I'm often baffled when I look at a computer's on/off switch. Since "on" and "off" both start with "o," I can't remember which one, inexplicably, is represented by "i." So I just flip the switch-- it usually doesn't matter.

But why have that shorthand anyways? Is "on" and "off" just too onerous to write out?

I suspect it has something to do with the development of computers into a professional pursuit-- it needed its own language and symbols (beyond the symbols of computer code) to express that it requires specialized skill.

Or else, "on" and "off" are just too long to write out.

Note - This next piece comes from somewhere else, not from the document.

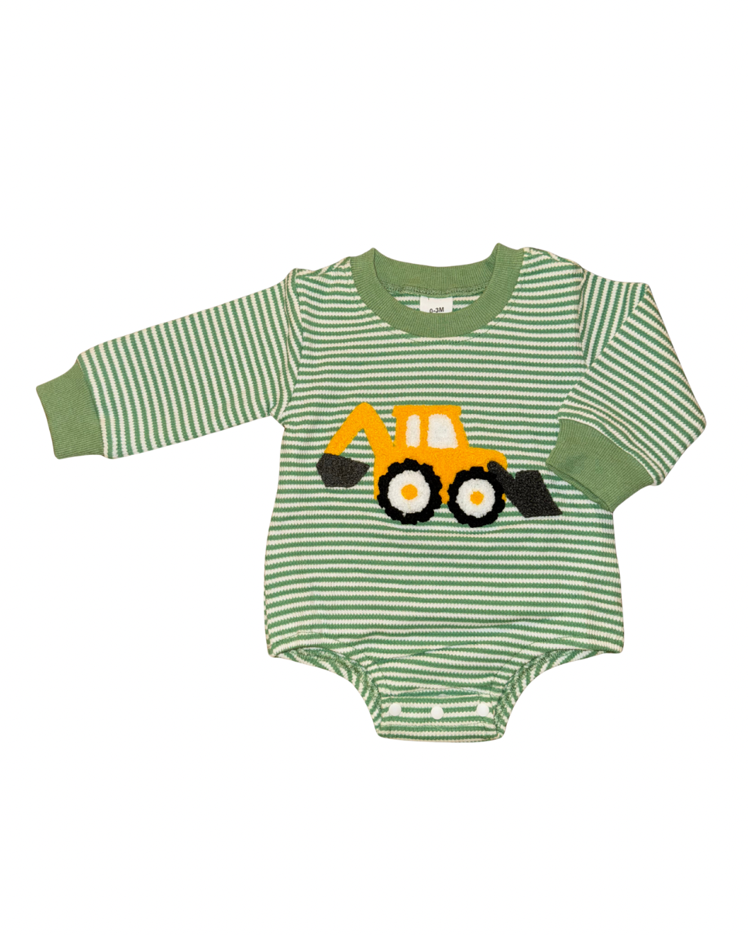Dig into playtime with the Excavator Bubble long sleeve! This cheerful bubble features a bold excavator design that'll have little builders excited to get dressed.
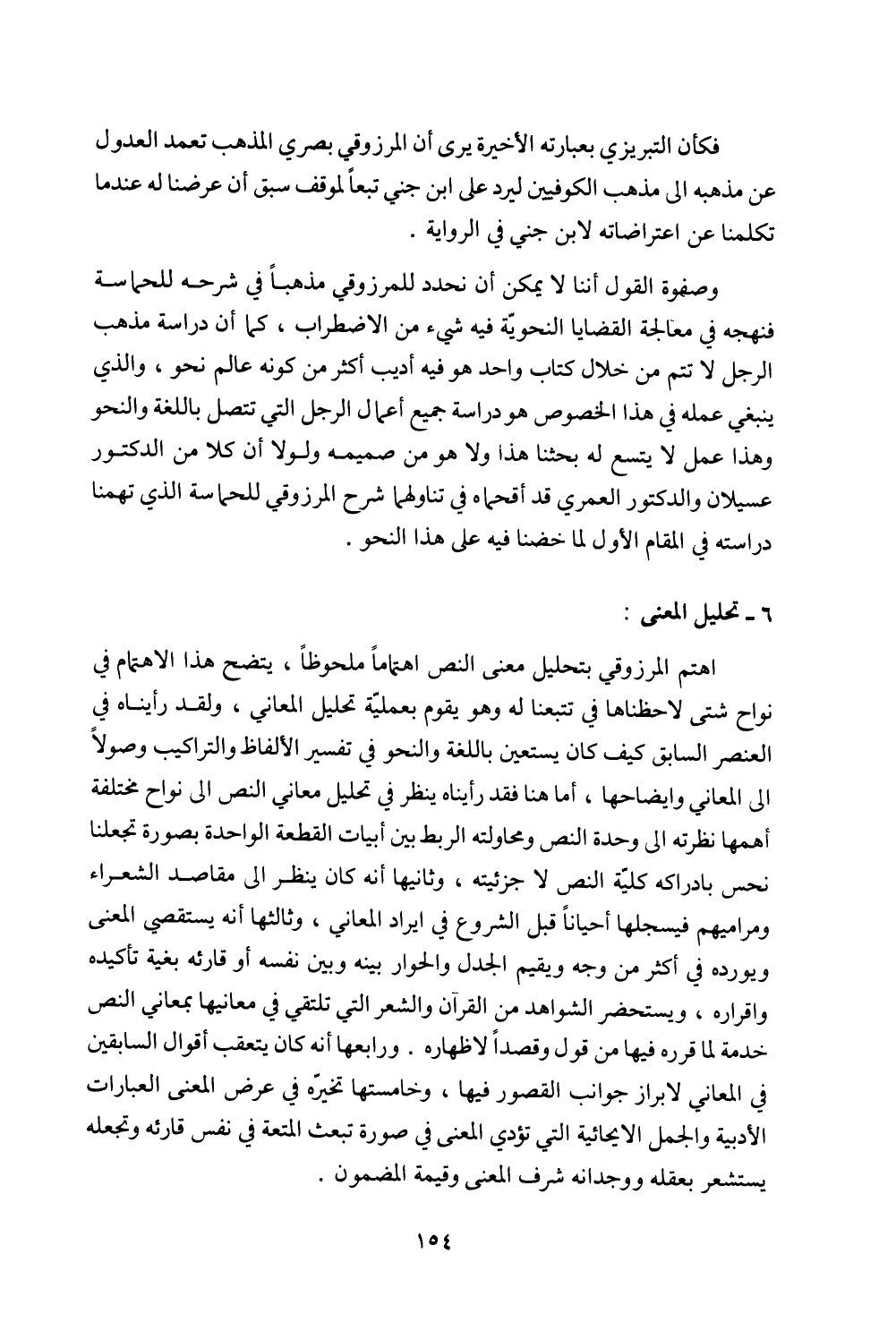 وصفوة القول أننا لا يمكن أن نحدد للمرزوقي مذهبًا في شرحه للحماسة فنهجه في معالجة القضايا النحوية فيه شيء من الاضطراب, كما أن دراسة مذهب الرجل لا تتم من خلال كتاب واحد فيه أديب أكثر من كونه عالم نحو, والذي ينبغي عمله في هذا الخصوص هو دراسة جميع أعمال الرجل التي تتصل باللغة والنحو وهذا عمل لا يتسع له بحثنا هذا ولا هو من صميمه ولولا أن كلا من الدكتور عسيلان والدكتور العمري قد أقحماه في تناولهما شرح المرزوقي للحماسة الذي تهمنا دراسته في المقام الأول لما خضنا فيه على النحو.

I could be completely wrong, but I had heard that the on/off switch has a 1 and a zero because in binary 1 is on and 0 is off.
NERD ALERT! hahah Just kidding
Anonymous 9:21 is right, except that i/o is actually I and O and not 1 and 0. I is on and 0 is off. It's a simplified form of input/output, which is the basis of the entire computing architecture, more or less.
Actually, they're taken from circuit symbols. A straight line means it will pass current easily (on or full power), a circle means the circuit will not pass current (off). You get mixes of these symbols to indicate other uses in computers, like most computer "reset" buttons have a circle w/ a line through it, indicating it performs both functions. You can check the IEEE specs from wikipedia. If you think in these terms (line means power flows), then it may be easier to remember.

Having been electrocuted as a result of misreading a circuit diagram, I find it fairly easy to remember. :)
I think you're all wrong. I've read The Da Vinci Code, and Dan Brown says that the circle represents the Holy Grail and the line represents the path you take to get there. (It used to be underneath a church in Scotland, but the last big cheese in the Knights Templar, Bill Gates, moved it.)
The first computers were invented by the Irish, right before the unrelated discovery of how to shut off electrical current in Ontario. You can figure it out from there.